According to the 78th report of the Law Commission as on April 1, 1977, of a total prison
population of 1,84,169, as many as 1,01,083 (roughly 55%) were under-trial – one of the
reasons for this being, as already mentioned above, the large-scale poverty amongst the majority of
the population in our country. This is the precise reason why most of the under trials languish in jail
instead of being out on bail.
In the case of State of Rajasthan v Balchand, Justice Krishna Iyer voiced his opinion against the
unfair system of bail administration, saying that while the system of pecuniary bail has a tradition
behind it, a time for rethinking has come – in most cases, an undertaking should serve the purpose.
In Maneka Gandhi v Union of India, Justice P.N.Bhagwati also spoke about how discriminatory the
bail system becomes when looked at from an economic criteria, because a large majority would find
it difficult to procure even small amounts.

Conclusion
A perusal of the above cases highlights precisely the extent to which the bail system is prejudiced
against the majority of the Indian population, which is tremendously financially disadvantaged. There
is a strong need for a complete review and reform of the bail system, with special attention placed
upon the socio-economic condition of the country.

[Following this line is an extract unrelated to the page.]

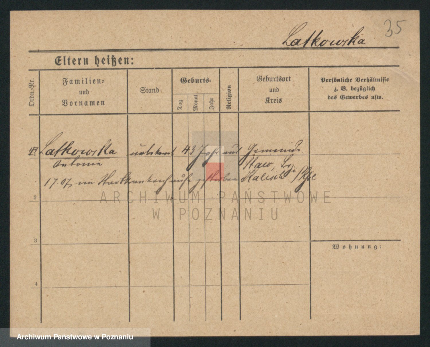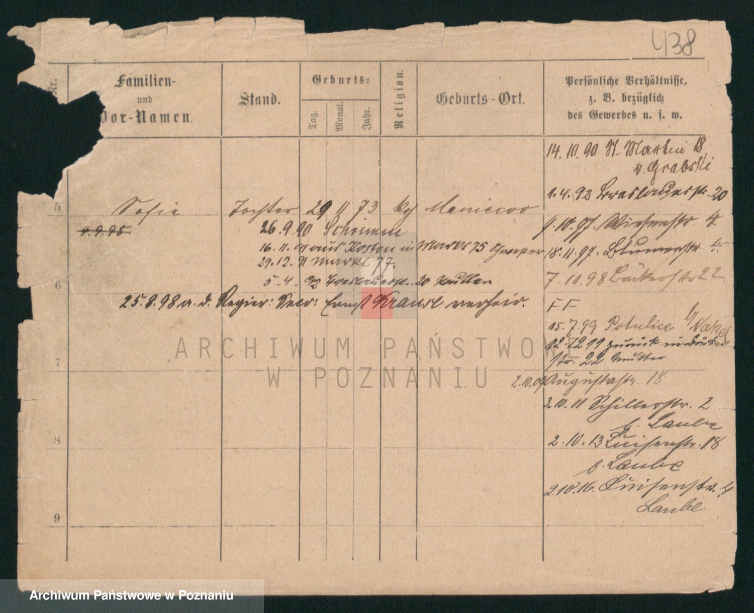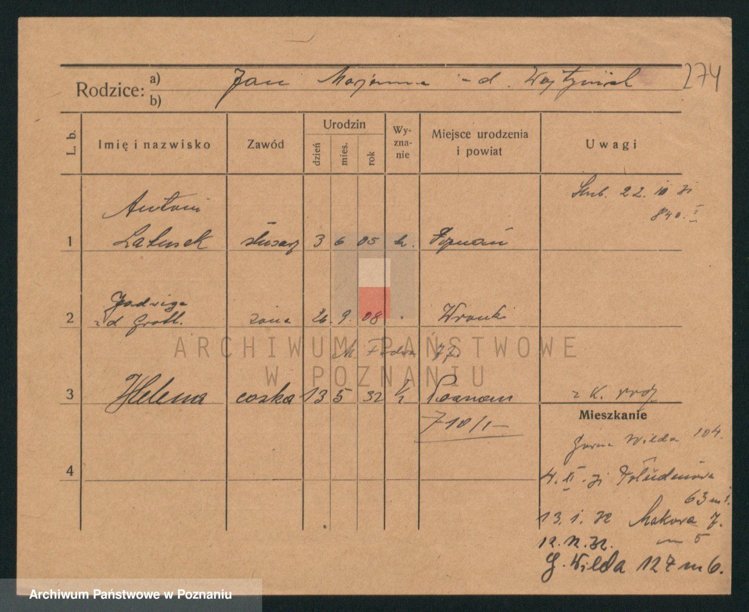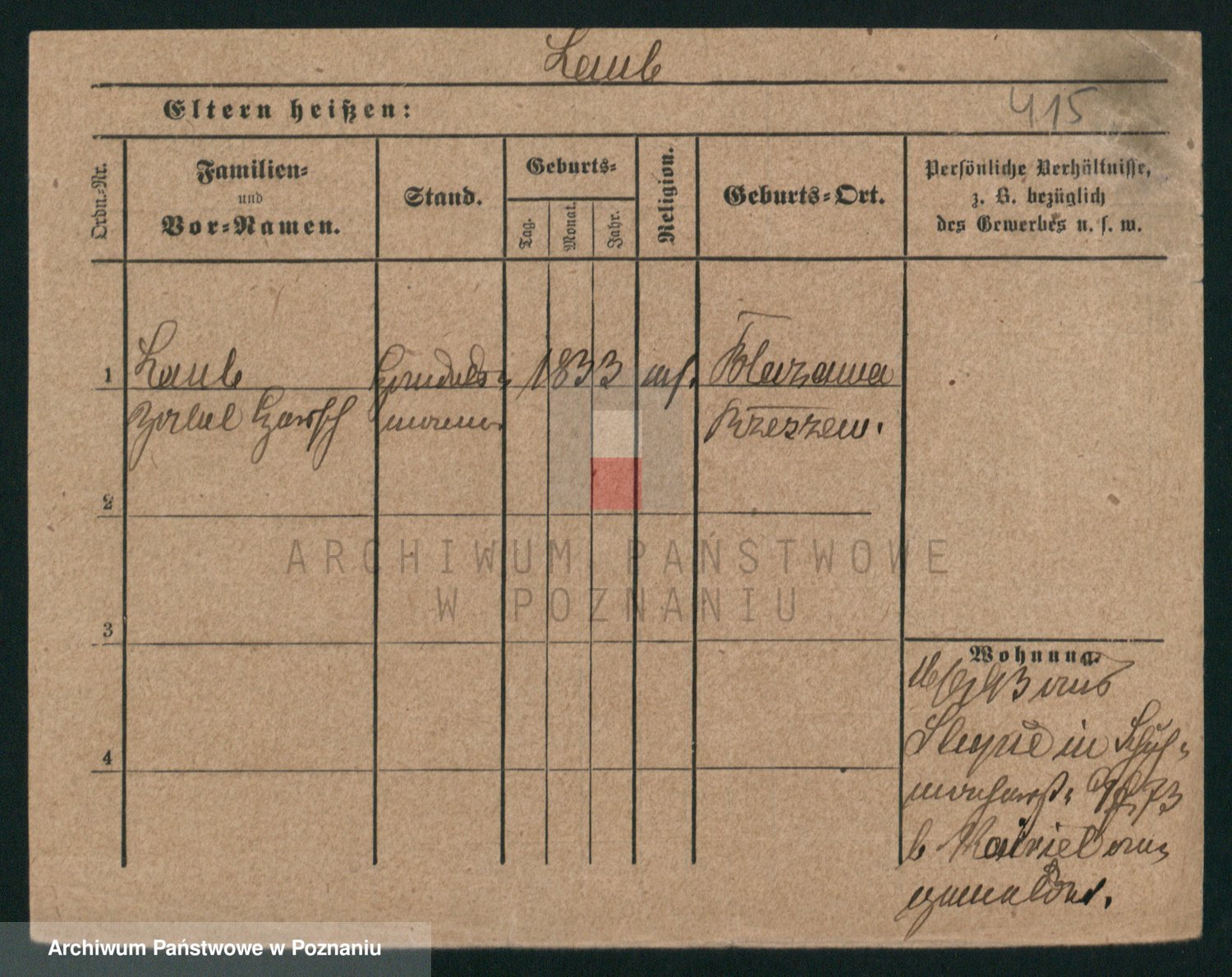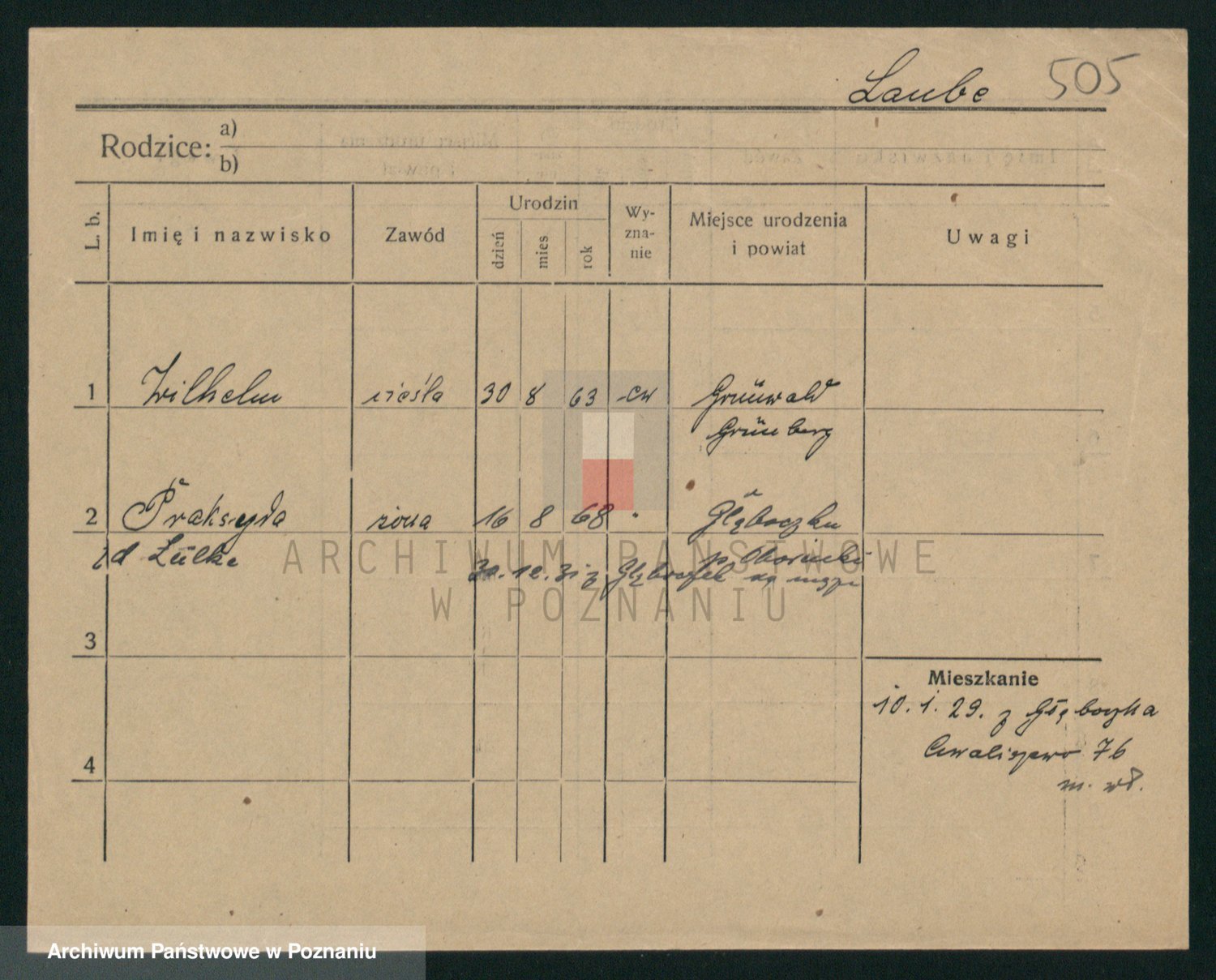 Podgląd karty osobowej dostępny jest po kliknięciu na nazwisko lub ikonkę karty. Można dokonywać powiększenia (ikony na górze) lub przechodzić między kolejnymi skanami (strzałki po bokach).

The court should start taking into account factors
like socio-economic status, nature of offence, reputation and prior (or lack thereof) criminal records
and reliable witness reports before granting bail.
Those under trial for petty crimes simply due to fiscal weakness could further be put in reformative
homes and asked to do community service by way of “payment,” instead. Methods such as these
would not only be mindful toward the poor, but also benefit the Indian society at large by creating
significant changes under the guise of reparation.